Все ждали появления командования отряда, которое было в штабной хатке на партийном собрании. Наконец открылась дверь и появился Линке, за ним Рабцевич, Бабаевский, Побажеев, другие коммунисты. Они сели к столу, накрытому кумачом. Комсомольский вожак Василий Козлов открыл собрание.
Минутой молчания почтили память погибших товарищей. Потом выступил Линке. Он рассказал о Первомае – всемирном празднике трудящихся. Вспомнил, как участвовал в маевках, арестовывался за участие в них, а в тридцать первом году впервые прошел с демонстрацией по ликующей Красной площади. Затем Карл Карлович заговорил о фашистской чуме, о задачах отряда, каждого бойца, командира.

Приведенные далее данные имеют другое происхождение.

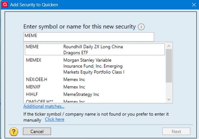 If you attempt to Add a security, enter the Ticker as MEME, you get this:
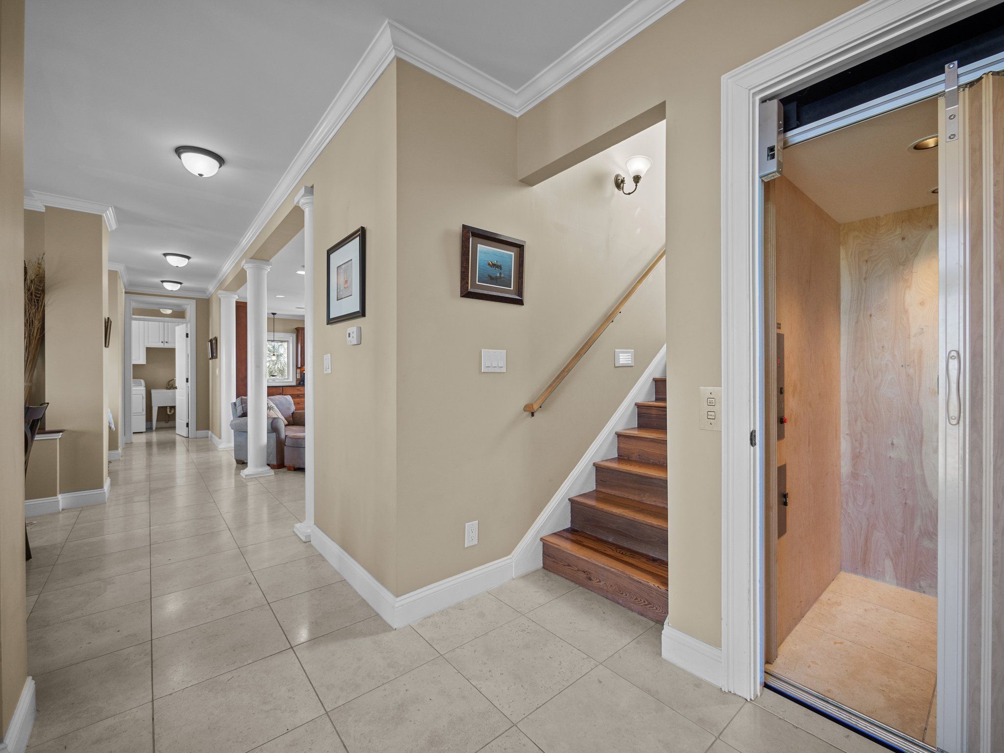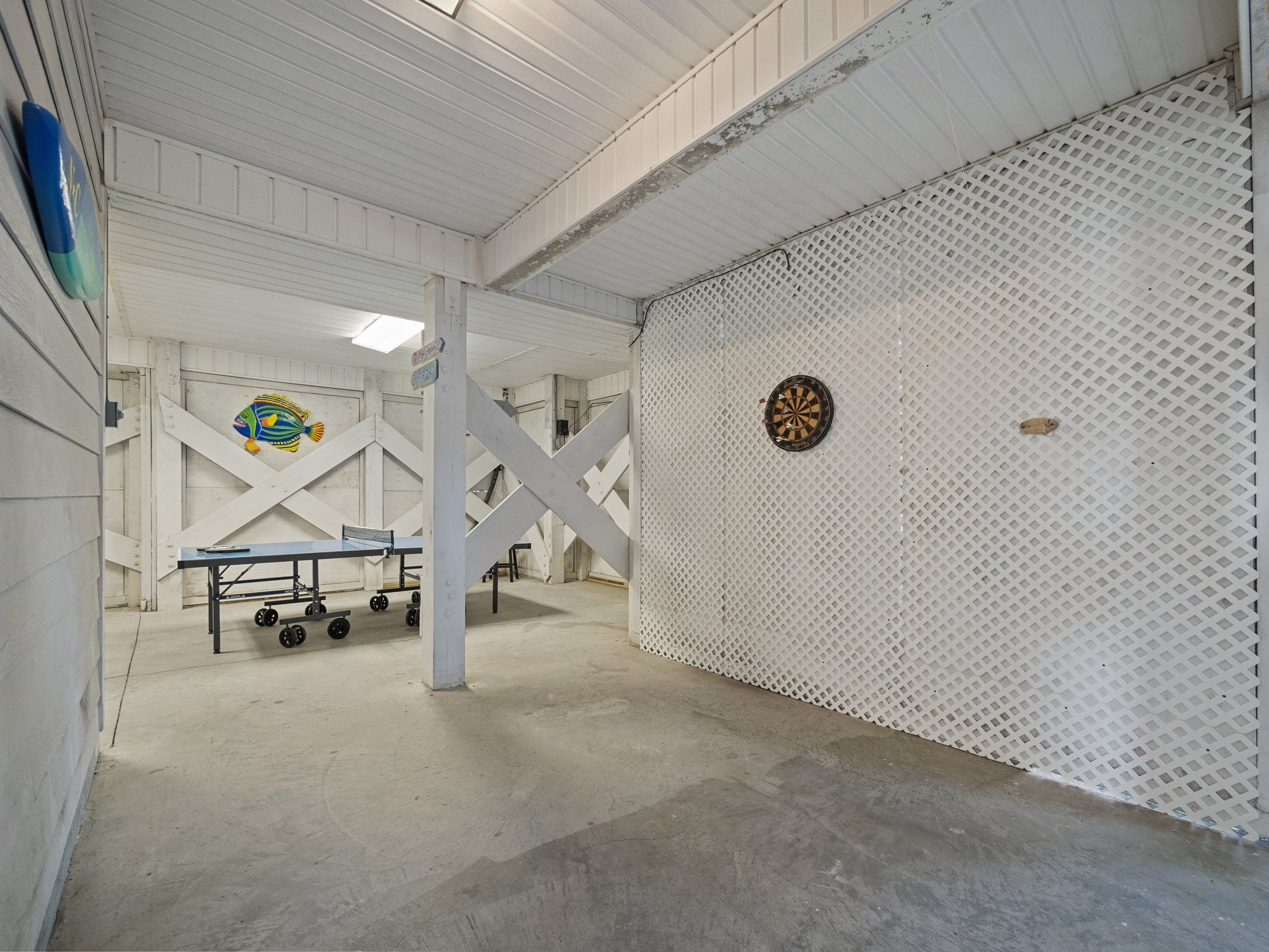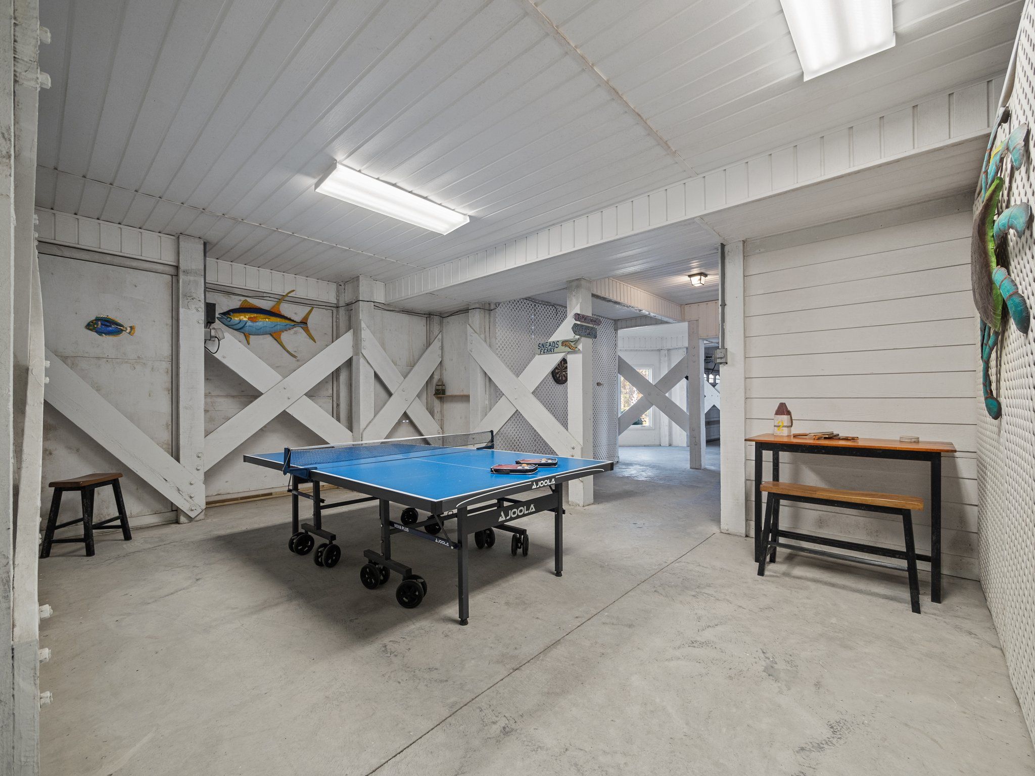 This property has a deep two-car garage. Additional parking is available in the driveway for four. A game room with a ping pong table and darts can be found in the garage. The private elevator can be accessed through the ground level and stops at all floors. A gas grill and an outdoor shower are also available on the back patio.

– Давайте же поклянемся, товарищи, – сказал комиссар, заканчивая выступление, – не щадить оккупантов, отомстить фашистам за смерть боевых собратьев!
И все в один голос, спрессованный из лютой ненависти к захватчикам, ответили:
– Клянемся!
Выступили и лучшие бойцы отряда – коммунисты и комсомольцы. Бронебойщик Василий Козлов дал слово подбить не менее двух вражеских паровозов, Геннадий Девятов (он только поправился после тяжелого ранения) и Сергей Сидоров – пустить под откос по вражескому эшелону...
Рабцевич подвел итог собранию. Его выступление было кратким. Он наметил, кто, где и что будет делать к празднику 1 Мая.
– Наша задача, – сказал командир, – сделать все, чтобы в эти праздничные для нас дни фашисты еще острее почувствовали, что у них горит земля под ногами.
Прямо с собрания группы уходили на задание. Бабаевский отправлялся с Синкевичем. Побажеев – с Бочериковым, Линке – с Игнатовым. На складе получали патроны, мины, гранаты, сухой паек – хлеб, колбасу. В первые же дни после прихода на Пинщину отбили у фашистов большое стадо коров. Некоторых раздали крестьянам, передали в 208-й партизанский полк, остальные паслись поблизости. На базе наладили коптильню – научились делать колбасу.
Провожал бойцов сам Рабцевич. На поляне выстроилась группа Игнатова.
– Больные есть? – спросил Рабцевич.
– Нет, – дружно ответил строй.
– Вот и хорошо. – Рабцевич облегченно вздохнул, его лицо заметно повеселело.
– Здоровому человеку всегда легче воевать, – впервые за много дней скупо улыбнулся Линке.
– Желаю успеха вам, товарищи, – сказал Рабцевич. На прощание крепко пожал руку комиссару. – Удачи тебе, Карл!
* * *
Действия бойцов спецотряда, местных партизан были настолько ощутимы, что на какое-то время парализовали движение на железной и шоссейных дорогах. В ответ фашисты организовали несколько карательных экспедиций. Ничего не добившись, они стали концентрировать силы в Парохонске, других населенных пунктах, готовясь к новым операциям.
И тут Бабаевский сообщил, что конное подразделение словаков, дислоцирующееся в деревне Любель, перебив свое командование, ушло в лес, где встретило местный партизанский отряд "За Родину" и влилось в него.
– Вот это здорово, Николай! – сказал Рабцевич. – Как видишь, твои старания не пропали даром.
...Эта история началась сразу же после возвращения Бабаевского с Большой земли. Словацкое подразделение тогда стояло в деревне Вылазы. Солдаты охраняли участки железной дороги.
В отряде решили начать агитационную работу по их разложению. Нужен был человек, через которого для начала удалось бы завязать с ними переписку...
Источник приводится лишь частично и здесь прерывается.